The additional problem is that since organizations have multiple teams developing information products that should be using the same data source, but are using different sources, there are discrepancies in the results of these information products. This results in massive additional cost for the organization due to less trust from customers, lost development time from hunting down esoteric bugs between systems processing similar data, and the unquantifiable loss resulting from reduced morale of employees who feel like they are working on a dysfunctional system. In reality, the system isn’t dysfunctional and could be improved greatly by simply eliminating redundant data sources. For data to be used well in an organization, the management of the data is perhaps the biggest burden. This is a post-collection and pre-product topic, so the bulk of data problems reside here.
Risks
Some of the more subtle risks have already been mentioned, but more obvious ones include things like data that can be subpoenaed in the event of legal action. If unnecessary data is maintained by the organization, this data constitutes a risk in legal cases because it can be used to prove or discover actions with penalties not beneficial to the company.
In a similar light, there is the possibility that there could be some kind of data breach where data is unintentionally exposed to the public. In this case, as in the legal example, having unnecessary data is a risk to the company and its customers. If there is more customer data stored than needed to operate the business and its products, then this data is also at risk of being stolen or leaked.

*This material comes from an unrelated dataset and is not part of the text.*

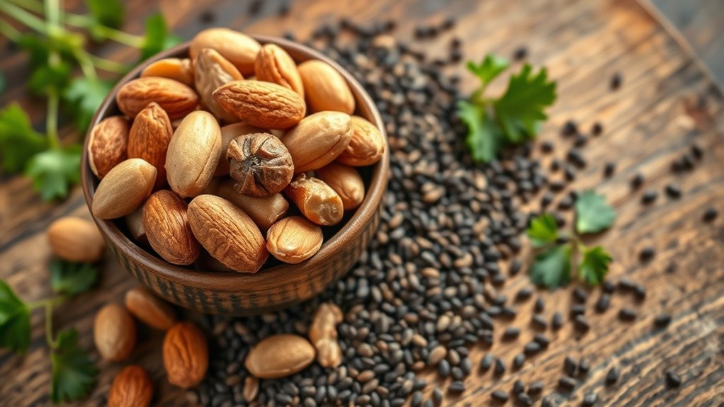 Including healthy fats from nuts and seeds is essential for maintaining sharp focus and supporting overall brain function. These foods are rich in Omega 3 sources and other healthy fats that enhance cognitive clarity and memory. The healthy fat benefits include improved neuron communication and reduced inflammation, which keeps your brain agile and alert. Imagine feeling more focused during work and sharper in conversations—these are the results of nourishing your brain with the right fats. To evoke emotion, consider how each bite strengthens your mental resilience and helps you stay ahead. Here’s a quick look at some nut and seed options:

There are also risks for low-quality data, and this goes along with the Data Management topic above. Low-quality data causes numerous problems for organizations including the aforementioned decrease in customer trust, reduction in employee morale, and lost development time, but it additionally can result in adoption of flawed strategies or initiatives. If the low-quality data is used to support business decisions then the consequences of those bad decisions can be directly attributed to the bad data used to make them.
Summary
This is just a brief overview of some of the general topics encountered when considering data governance within an organization. Ultimately, the reasons for implementing more effective data governance are usually to further strategic goals of the company in terms of products or services, or reduce surface area for various kinds of data risk. Without some basic data governance in place, the challenges of using data effectively in an organization are often too great to overcome, resulting in frustration and failed efforts to become data-driven.